About Computer Vision

With the advancement of modern technology, Artificial Intelligence has become a vital part in every major industry. Processing and dealing with a huge amount of data in a short amount of time can be done with AI technology, which is an incredible feat that we could not imagine decades ago.

By learning how we solve problems, programs and machines can do tasks without constant monitoring or adjustment. For example, we see the world through our eyes. With our complex optic nerve, our brain can obtain the lights and visualize the world so we know what we are looking at. But does computer or machine view the world the same as we do?

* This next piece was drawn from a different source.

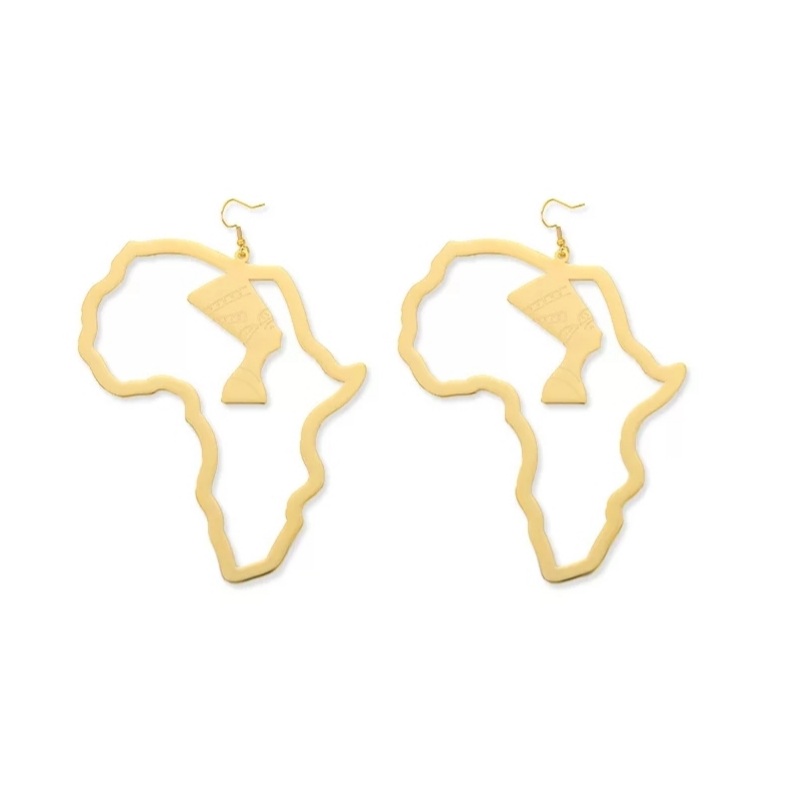 African Map Egyptian Queen Nefertiti Stud Earrings

Credit: https://www.commonlounge.com/discussion/c9975025c9ff473c8f9ed2c4b1c3ea6a

We can usually describe what is in a picture or possibly the story behind it. But to a computer, every image can be interpreted as number of pixels and RGB values. Despite these data, it does not know what the picture contains since computer cannot comprehend the arrangement of these value mean. Thus, if we manage to train computer to learn how we interpret images, it can help us with tasks where identifying features in images is vital. Thus, Computer Vision is born.


What is Computer Vision?

Basically, Computer Vision deals with how computers understand and do tasks from images and videos. It should be noted that Computer Vision is not considered a branch under AI. However, they are closely related to each other since Computer Vision involves multiple AI-related techniques.

We know that computer do not get tired or bored for doing tasks for weeks and months (if properly maintained), and can detect the slightest difference, just like the color #b4fac8 and #b4fac9. But in order to let computer understands our goal, it has to learn how we interpret images.

How would you describe a complex shape such as an elephant to a computer?

Source: https://medium.com/betterism/the-blind-men-and-the-elephant-596ec8a72a7d

There are many things which can be distinguished visually by describing their colors and shape, such as identifying an apple from a banana. But if someone were to tell a computer that a banana is “a fruit that is curved and is either yellow or green” and ask the computer to collect pictures of bananas on the internet, then it might bring in some interesting results like below:

The problem with teaching computer how to identify image is that they lack the learning process like us. Since the time of our birth, we have been observing our surroundings, learning and acquire knowledge as we grow up. When we receive instructions, the complex schema, or knowledge in our mind helps us understand and infer meaning through simple explanation and definitions. Now, imagine you can only use visual features to teach a computer, which in a sense know nothing at all. How long would it take to come up with definitions and exceptions which can exactly pinpoint the images you are looking for, but at the same time, comes with different colors and shapes? How difficult would that be? This is why we need another tactic to help computer learn.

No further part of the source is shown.